* [Task statement]:
Would you transcribe the whole listing exactly, minus its pictures?

* [Data segment]:
Content starts
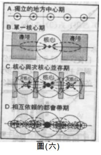 38.圖(六)是區域發展的空間整合模式圖,在圖中的單一核心期,若邊陲區的經濟發展愈來愈衰退,和下列哪些因素的關係較密切? (A)資金外流 (B)勞力外流 (C)勞動人口老化 (D)地方市場縮小 (E)天然資源枯竭。
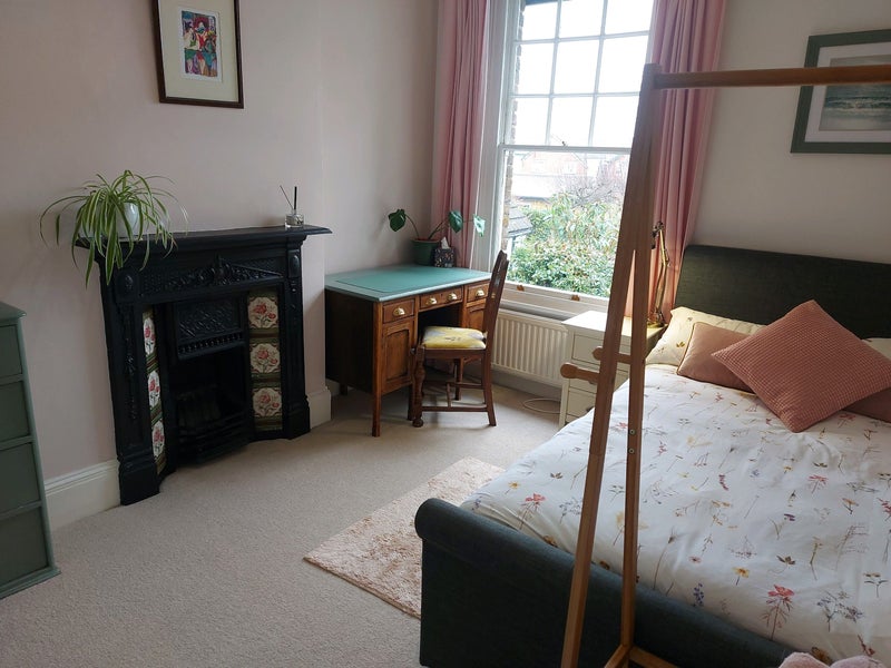 Accommodation: Freshly decorated 3m x 3.2m large room in characterful Victorian villa. Ottaman double bed, desk, chair, chest of drawers, bedding and hanging space.
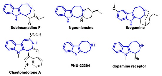 - Huang, Y.Q.; Liu, Y.X.; Liu, Y.X.; Song, H.J.; Wang, Q.M. C ring may be dispensable for b-carboline: Design, synthesis, and bioactivities evaluation of tryptophan analog derivatives based on the biosynthesis of b-carboline alkaloids. Bioorg. Med. Chem. 2016, 24, 462–473. [Google Scholar] [CrossRef]
Content ends
* [Response]:
 38.圖(六)是區域發展的空間整合模式圖,在圖中的單一核心期,若邊陲區的經濟發展愈來愈衰退,和下列哪些因素的關係較密切? (A)資金外流 (B)勞力外流 (C)勞動人口老化 (D)地方市場縮小 (E)天然資源枯竭。
 Accommodation: Freshly decorated 3m x 3.2m large room in characterful Victorian villa. Ottaman double bed, desk, chair, chest of drawers, bedding and hanging space.
 - Huang, Y.Q.; Liu, Y.X.; Liu, Y.X.; Song, H.J.; Wang, Q.M. C ring may be dispensable for b-carboline: Design, synthesis, and bioactivities evaluation of tryptophan analog derivatives based on the biosynthesis of b-carboline alkaloids. Bioorg. Med. Chem. 2016, 24, 462–473. [Google Scholar] [CrossRef]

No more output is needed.